Yield Adjustment Factor

The second adjustment to actual revenue is a yield adjustment factor. The yield adjustment factor is equal to the actual quarterly milk per cow, or yield, as reported by the USDA National Agricultural Statistics Service (NASS), divided by an RMA determined expected milk per cow. NASS reports milk per cow for 23 states. For the yield adjustment for producers in other states, RMA assigns them a regional milk per cow by production region. This ratio is applied to determine the final actual revenue. The yield adjustments link actual revenue to productivity, which varies for producers across the United States.

Indemnity Calculation

If actual revenue exceeds the insured revenue, no indemnity is due the producer.

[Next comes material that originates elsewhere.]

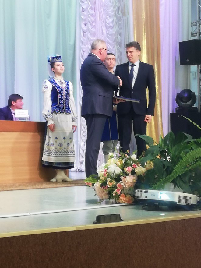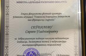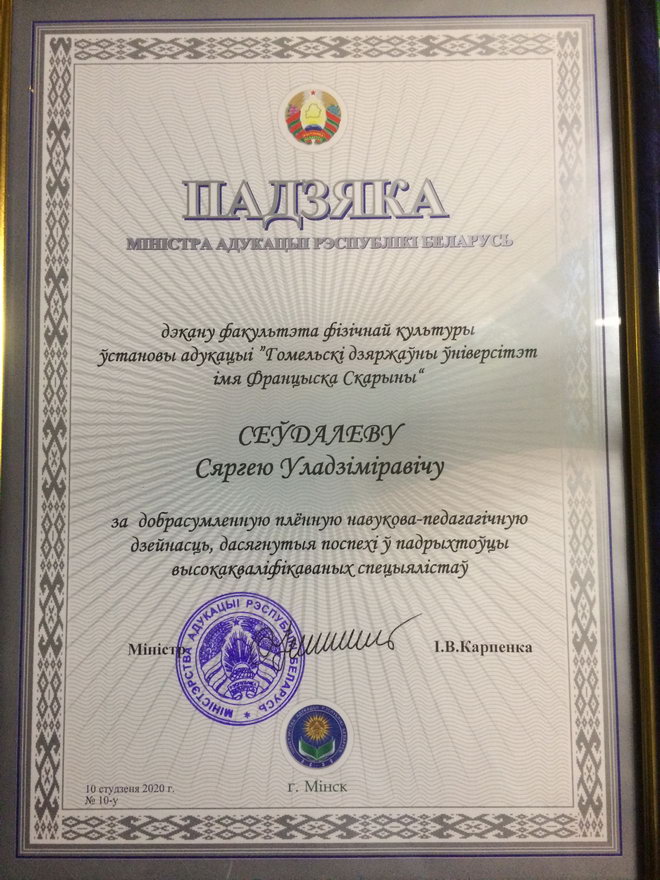 За добросовестную плодотворную научно-педагогическую деятельность, достигнутые успехи в подготовке высококвалифицированных специалистов глава ведомства Игорь Карпенко вручил благодарность декану факультета физической культуры ГГУ имени Ф. Скорины, кандидату педагогических наук, доценту Сергею Севдалеву.

However, if, the actual is lower, the producer is paid the difference. In addition, the final indemnity payment is increased by the protection factor if the producer has chosen one for the policy period.

Costs of Program

Premiums are based on risk and would vary based on the amount of total liability and other actuarial factors. Premiums would rise for succeeding quarters as risk increases further out. The total cost of the program will depend on the number of dairy producers who decide to utilize the policy and the coverage levels that they select. Producers may be less inclined to participate when milk prices are low because they could be locking in a low revenue level. However, if a producer expects prices to move even lower, a Dairy-RP policy could be attractive. Conversely, at times of higher prices, producers may be inclined to lock in higher revenue levels to protect against the risk of price declines that would lower actual revenue.